Exercise data:
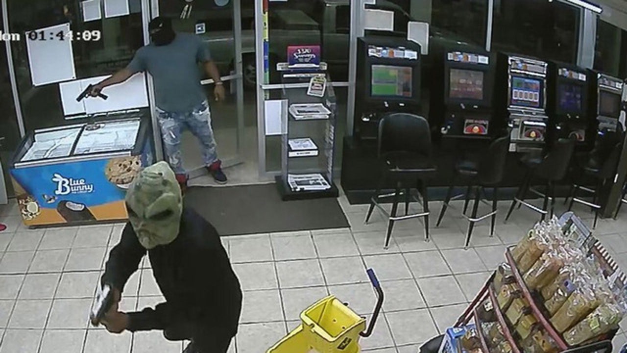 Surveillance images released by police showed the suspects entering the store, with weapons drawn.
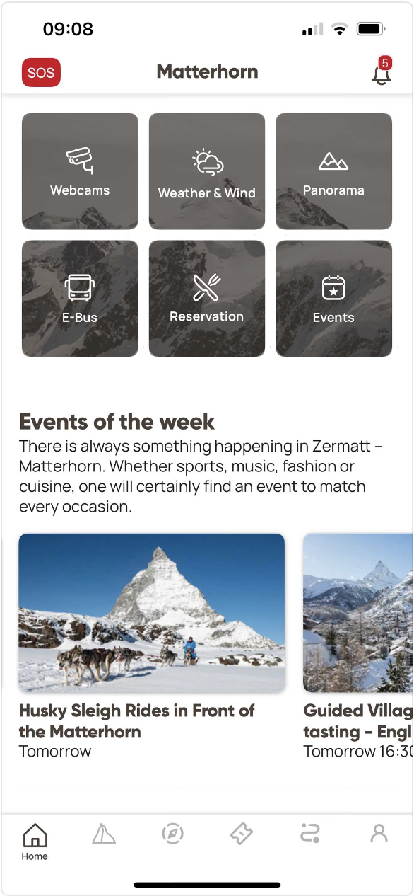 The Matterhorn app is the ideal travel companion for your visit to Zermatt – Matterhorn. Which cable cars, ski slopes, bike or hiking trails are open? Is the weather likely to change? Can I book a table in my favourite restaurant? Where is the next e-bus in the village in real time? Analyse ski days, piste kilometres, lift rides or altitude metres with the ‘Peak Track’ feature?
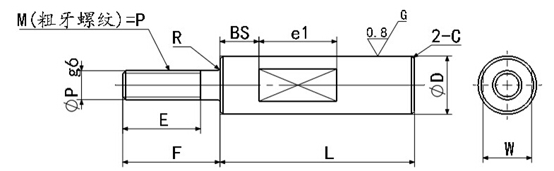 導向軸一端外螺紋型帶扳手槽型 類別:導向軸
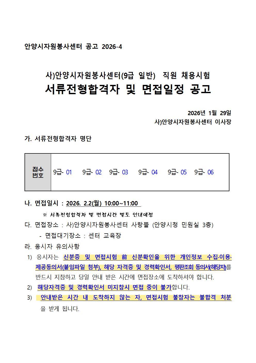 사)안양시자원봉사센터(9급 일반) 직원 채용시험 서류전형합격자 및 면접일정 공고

Task to complete:
Transcribe exactly, with no pictures, the lines running from the first line of the material through the line holding "導向軸一端外螺紋型帶扳手槽型 類別:導向軸".

Exercise output:
 Surveillance images released by police showed the suspects entering the store, with weapons drawn.
 The Matterhorn app is the ideal travel companion for your visit to Zermatt – Matterhorn. Which cable cars, ski slopes, bike or hiking trails are open? Is the weather likely to change? Can I book a table in my favourite restaurant? Where is the next e-bus in the village in real time? Analyse ski days, piste kilometres, lift rides or altitude metres with the ‘Peak Track’ feature?
 導向軸一端外螺紋型帶扳手槽型 類別:導向軸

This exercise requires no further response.